Бесспорно, двадцатое столетие не приемлет реставраций — понятия, противного законам естества. Как не приемлет оно футуризм или экспрессионизм, так и не стремится стать неоклассическим или неокатолическим.

Конечно, все мы хотели бы быть ничьими детьми, но не всегда это возможно. Время от времени мы признаем, что являемся плодом совокупления, то есть борьбы. Быть может, на сегодня мы — сыновья противоположности между духом кубизма и духом футуризма (иными словами, между ультрарациональной супертвердостью и ультраалогичной супертекучестью). Или же — противодействия тому и другому. (Всякое созидание, в том числе и созидание личности, есть итог противодействия совершенному действию: мы рождаемся от столкновения отца и матери и возникаем, силясь освободиться от первого и от второй.)

Все это мудрословие нужно мне, чтобы разыграть из себя историка, ну да неважно. Преемственность, наследственность, признание величия девятнадцатого столетия, авангардистского

173

геройства 1900 — 1914 годов и так далее — не будем больше об этом. Единственный закон развития есть закон неблагодарности.

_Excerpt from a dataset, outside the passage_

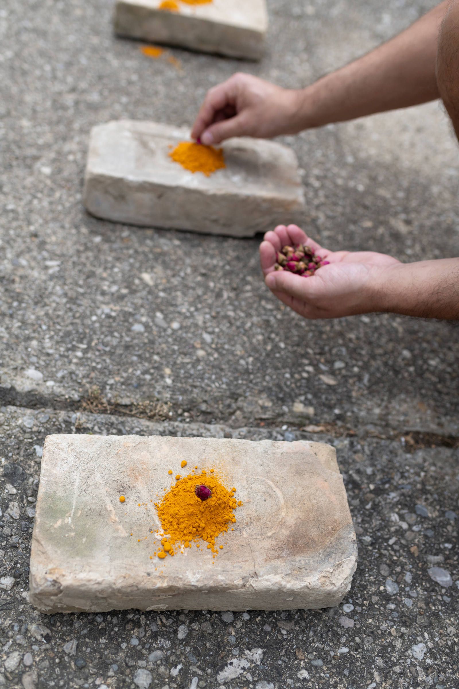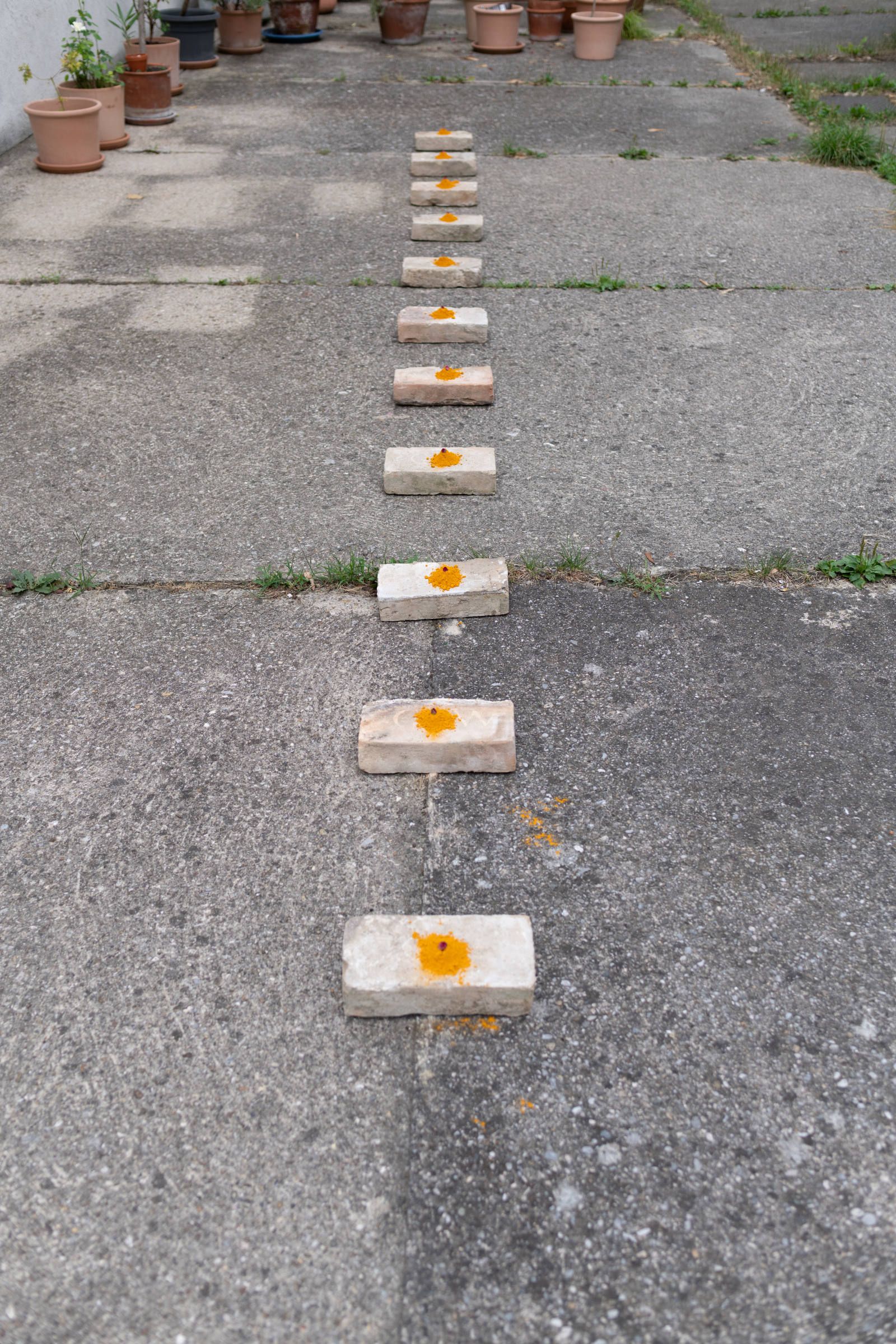 11 Bauziegel, gemahlener Kurkuma, getrocknete Rosenblüten

По отношению к громовещательным и эфемерным школам, вырывшим пропасть между нами и девятнадцатым столетием, должно быть неблагодарными. Что же до великого взлета искусств прошлого века, то не станем забывать: восхищение стариной есть часто кичливое прикрытие собственной немощи. Обращаясь к девятнадцатому веку, век двадцатый поневоле должен исполниться презрения.

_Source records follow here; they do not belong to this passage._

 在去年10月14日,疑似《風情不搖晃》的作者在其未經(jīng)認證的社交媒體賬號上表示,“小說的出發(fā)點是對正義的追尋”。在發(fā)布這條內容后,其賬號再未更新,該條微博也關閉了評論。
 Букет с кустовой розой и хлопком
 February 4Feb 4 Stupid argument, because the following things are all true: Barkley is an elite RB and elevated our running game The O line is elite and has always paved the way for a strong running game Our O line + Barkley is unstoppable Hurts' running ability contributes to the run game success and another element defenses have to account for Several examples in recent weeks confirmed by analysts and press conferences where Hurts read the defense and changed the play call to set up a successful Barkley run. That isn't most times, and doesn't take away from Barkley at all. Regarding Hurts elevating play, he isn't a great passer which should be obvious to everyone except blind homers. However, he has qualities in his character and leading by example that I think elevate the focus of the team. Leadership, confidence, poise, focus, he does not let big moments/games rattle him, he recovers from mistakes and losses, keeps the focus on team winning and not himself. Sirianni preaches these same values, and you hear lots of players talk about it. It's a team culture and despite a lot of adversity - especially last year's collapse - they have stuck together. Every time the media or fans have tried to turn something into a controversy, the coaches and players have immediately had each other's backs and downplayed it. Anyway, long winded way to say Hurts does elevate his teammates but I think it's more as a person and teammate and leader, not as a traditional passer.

Вполне естественно, что, открывая путь двадцатому веку, практика (политическая) предшествовала искусству и теории.

Сегодня, пока искусство не обрело чувство внешнего мира и магии, политика открывает для себя чувство могущества и возможности, чувство, которого лишилась на долгом демократическом пути девятнадцатого века [...]

Мы — новые духи, мы жаждем вселенского и остерегаемся любых интернационалов. Поэтому стоит нам только начать разыгрывать из себя европейцев, как мы безнадежно ощущаем себя романцами. И никогда не забыть нам урока, данного одним жителем Востока. Однажды в разговоре мне случилось превознести величие и культуру некоторых зарубежных столиц. Бывший среди нас индиец перебил меня, предупредив: «Запомни, что для Индии Рим значит куда больше, чем Нью-Йорк».

Последнее заявление: мы западники до мозга костей. Мы питаем врожденное недоверие к Востоку и гордимся этим. С большой неприязнью отношусь я к танцу живота и азиатскому откровению. Устраивай меня вера в переселение душ, я желал бы получить душу Пифагора из его же собственных рук. (Таковы основные позиции, с которых при всей скромности и сдержанности мы готовимся, обещая при этом максимум усердия, провозглашать и развивать в настоящих тетрадях наиболее плодотворные начинания для века, коему наше поколение имеет честь положить начало.)